There has been legitimate concern about the future of Twitter over the last week due to its new ownership and management. This is pretty upsetting considering how great it’s been to use to connect to and to follow other researchers. OpenCheck is currently working to map Twitter handles to ORCID identifiers and capture the directed follow graph of researchers on Twitter in case the service becomes unusable in the near future. This post is about my initial exploration of the resource.

How It Works

The OpenCheck website is pretty sleek. There are two big buttons to connect it to your Twitter account and ORCID account. After authorization, it uses the Twitter API to look your followers and follows. Then, it looks up if any of those Twitter accounts have also registered and adds it to this CSV which they make available under the permissive CC0 license.

Wikidata to the Rescue

My first thought was that there are tons of ORCID-Twitter connections available under the CC0 license through Wikidata that they could use to complement this content. The following SPARQL query retrieves all of these links:

SELECT ?item ?itemLabel ?orcid ?twitter
WHERE 
{
  ?item wdt:P31 wd:Q5; 
        wdt:P496 ?orcid; 
        wdt:P2002 ?twitter .
  SERVICE wikibase:label { bd:serviceParam wikibase:language "[AUTO_LANGUAGE],en". }
}

This query can be run using the Wikidata Query Service by following this link and pressing the play button. As of November 15th, 2022, it returns 13,784 results.

Graph Machine Learning

The OpenCheck ORCID graph is a relatively small directed graph, so my second thought was that would be interesting to apply some graph machine learning methodologies to it. I wrote a simple script using GRAPE to learn low-dimensional vector representations (i.e., embeddings) for nodes in the graph (i.e., ORCID identifiers) that could be useful for clustering, classification, or other downstream machine learning tasks. These resulting embeddings for each ORCID identifier can be downloaded as a TSV file here and are summarized below:

I put this script in cthoyt/opencheck-embed and additionally configured GitHub Actions to automatically re-run the script every night to generate new embeddings for the newest dataset.

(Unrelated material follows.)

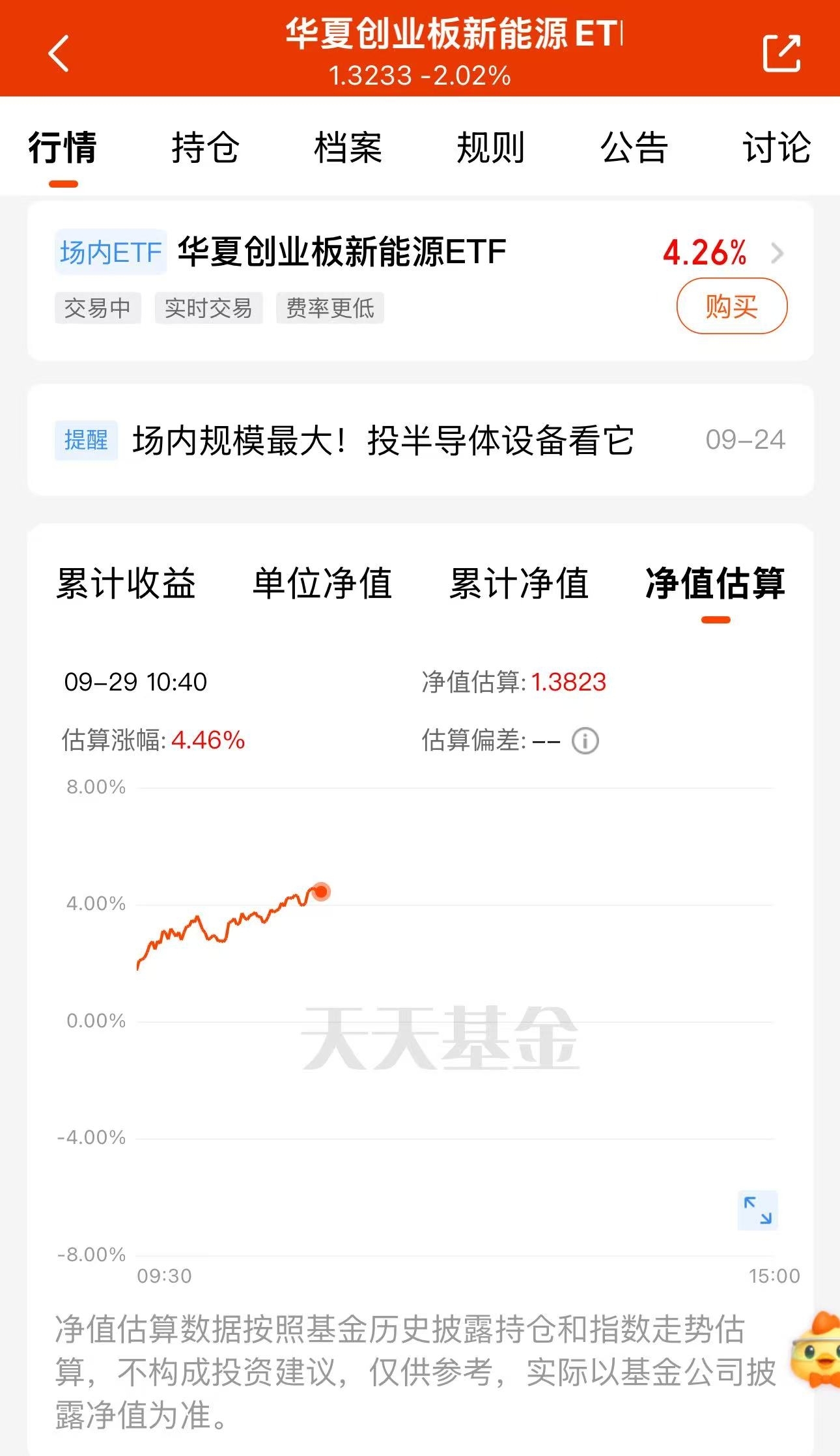 这么猛的4%+,还好前几天回调趁低加了,果然逢跌加仓明智啊,成立一个多月就有32%+的收益了$华夏创业板新能源ETF发起式联接C$

I had first tested the idea of continuous analysis built on top of GitHub’s continuous integration service by periodically generating differential reaction fingerprints on the Rhea reaction database in cthoyt/rhea-fingerprints. The OpenCheck ORCID graph is a different scenario because the data are updated in real time and aren’t versioned. Overall, I think these are both good examples of what is possible using modern, public infrastructure, and I would like to see them used in more and more scientific workflows.


It appears that OpenCheck is an effort from a company called Metarational, LLC run by John Beatty that has has a more long-term goal of supporting verification online (i.e., better than an $8 blue star). I’m excited to see what they do next!